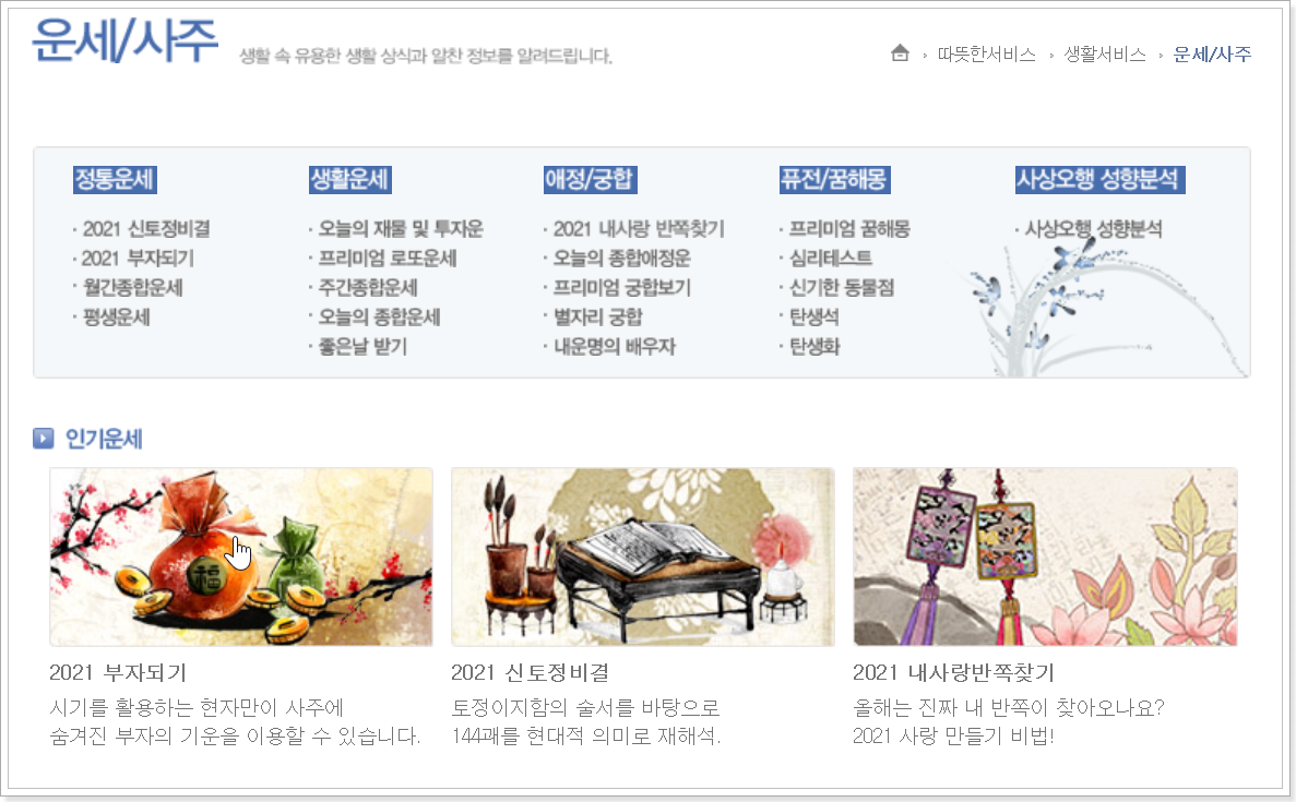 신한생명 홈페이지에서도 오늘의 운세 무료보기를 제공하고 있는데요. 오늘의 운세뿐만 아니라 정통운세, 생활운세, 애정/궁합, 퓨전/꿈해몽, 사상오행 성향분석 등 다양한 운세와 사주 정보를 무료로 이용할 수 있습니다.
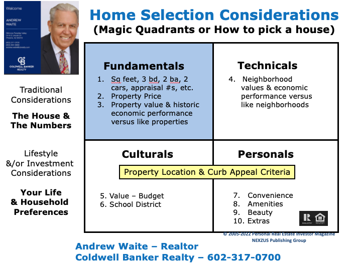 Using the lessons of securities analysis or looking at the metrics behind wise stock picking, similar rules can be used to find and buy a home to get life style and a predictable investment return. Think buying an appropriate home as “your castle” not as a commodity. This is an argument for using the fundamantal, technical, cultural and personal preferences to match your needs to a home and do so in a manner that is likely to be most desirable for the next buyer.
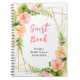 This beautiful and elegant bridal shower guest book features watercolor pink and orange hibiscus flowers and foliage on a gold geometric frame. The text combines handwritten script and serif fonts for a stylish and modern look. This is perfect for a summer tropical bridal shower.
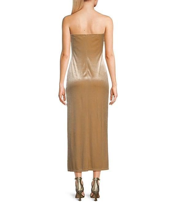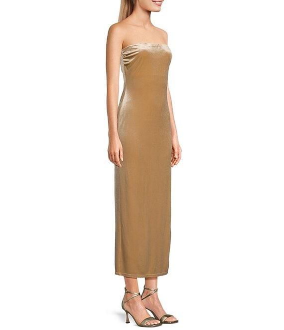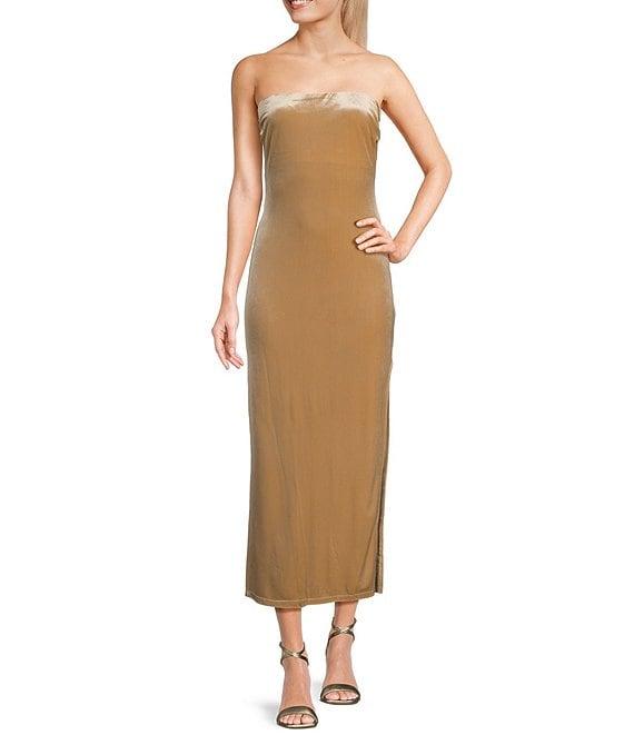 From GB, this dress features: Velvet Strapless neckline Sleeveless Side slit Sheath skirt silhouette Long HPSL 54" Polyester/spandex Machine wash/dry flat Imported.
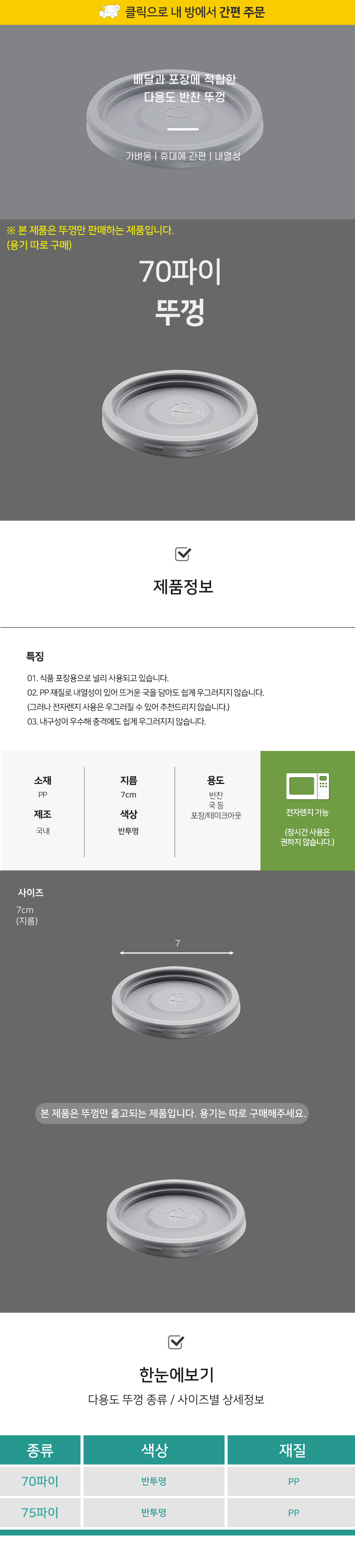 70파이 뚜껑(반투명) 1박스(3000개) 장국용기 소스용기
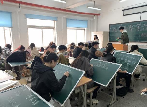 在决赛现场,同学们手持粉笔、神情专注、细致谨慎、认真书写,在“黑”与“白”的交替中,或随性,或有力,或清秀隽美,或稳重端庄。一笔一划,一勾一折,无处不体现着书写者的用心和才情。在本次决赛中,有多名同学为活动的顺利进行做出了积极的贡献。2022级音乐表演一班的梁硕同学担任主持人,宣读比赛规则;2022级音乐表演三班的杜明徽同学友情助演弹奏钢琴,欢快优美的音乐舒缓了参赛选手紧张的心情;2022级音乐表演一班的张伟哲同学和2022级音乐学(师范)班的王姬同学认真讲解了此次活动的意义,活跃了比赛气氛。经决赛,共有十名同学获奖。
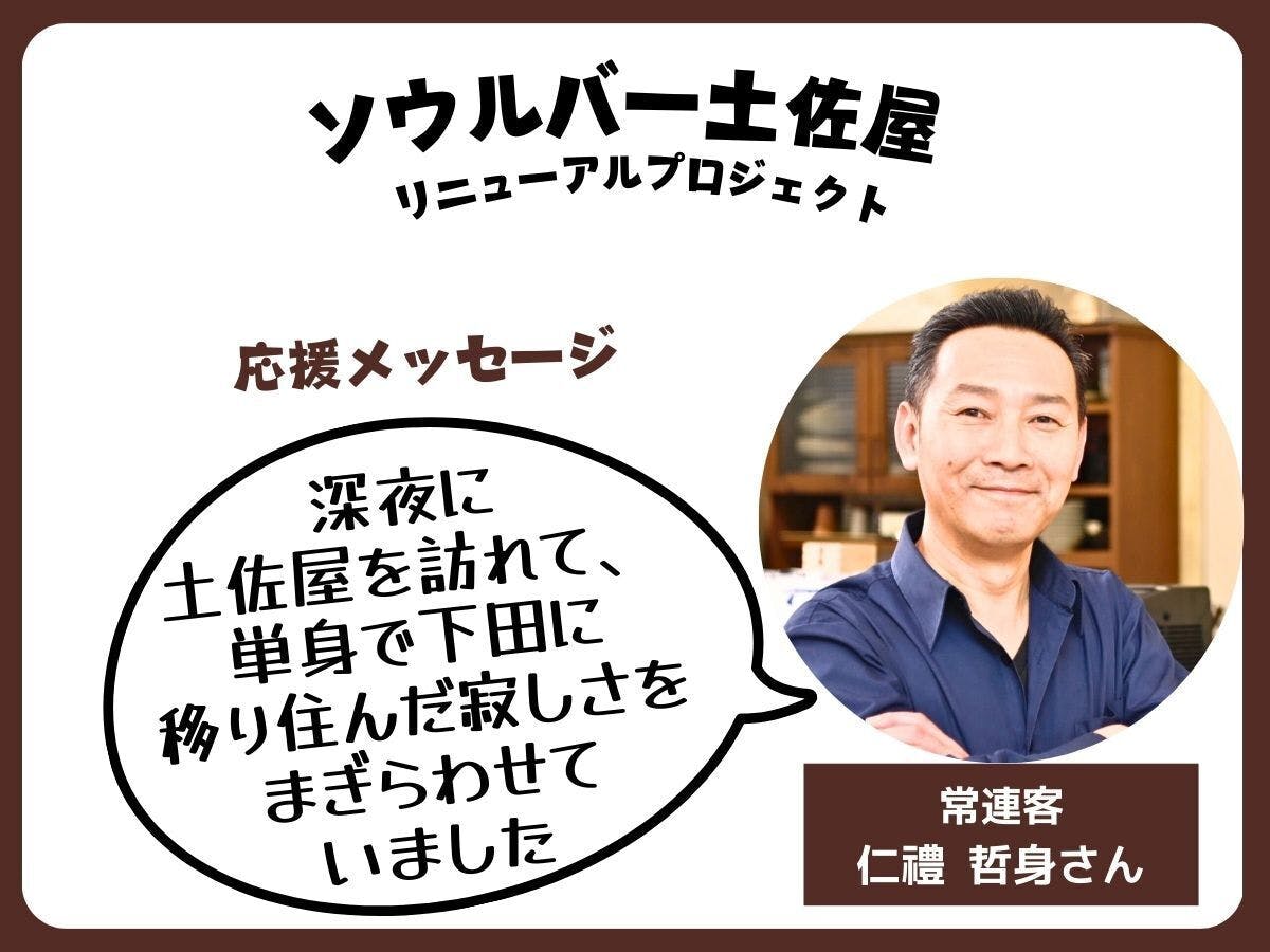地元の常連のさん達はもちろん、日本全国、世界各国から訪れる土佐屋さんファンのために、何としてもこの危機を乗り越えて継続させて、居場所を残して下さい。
____
» Action item:
Copy exactly the lines from the line containing "This beautiful and" through the last line of the records, both included, and omit every picture.

» Reply to the task:
 This beautiful and elegant bridal shower guest book features watercolor pink and orange hibiscus flowers and foliage on a gold geometric frame. The text combines handwritten script and serif fonts for a stylish and modern look. This is perfect for a summer tropical bridal shower.
 From GB, this dress features: Velvet Strapless neckline Sleeveless Side slit Sheath skirt silhouette Long HPSL 54" Polyester/spandex Machine wash/dry flat Imported.
 70파이 뚜껑(반투명) 1박스(3000개) 장국용기 소스용기
 在决赛现场,同学们手持粉笔、神情专注、细致谨慎、认真书写,在“黑”与“白”的交替中,或随性,或有力,或清秀隽美,或稳重端庄。一笔一划,一勾一折,无处不体现着书写者的用心和才情。在本次决赛中,有多名同学为活动的顺利进行做出了积极的贡献。2022级音乐表演一班的梁硕同学担任主持人,宣读比赛规则;2022级音乐表演三班的杜明徽同学友情助演弹奏钢琴,欢快优美的音乐舒缓了参赛选手紧张的心情;2022级音乐表演一班的张伟哲同学和2022级音乐学(师范)班的王姬同学认真讲解了此次活动的意义,活跃了比赛气氛。经决赛,共有十名同学获奖。
地元の常連のさん達はもちろん、日本全国、世界各国から訪れる土佐屋さんファンのために、何としてもこの危機を乗り越えて継続させて、居場所を残して下さい。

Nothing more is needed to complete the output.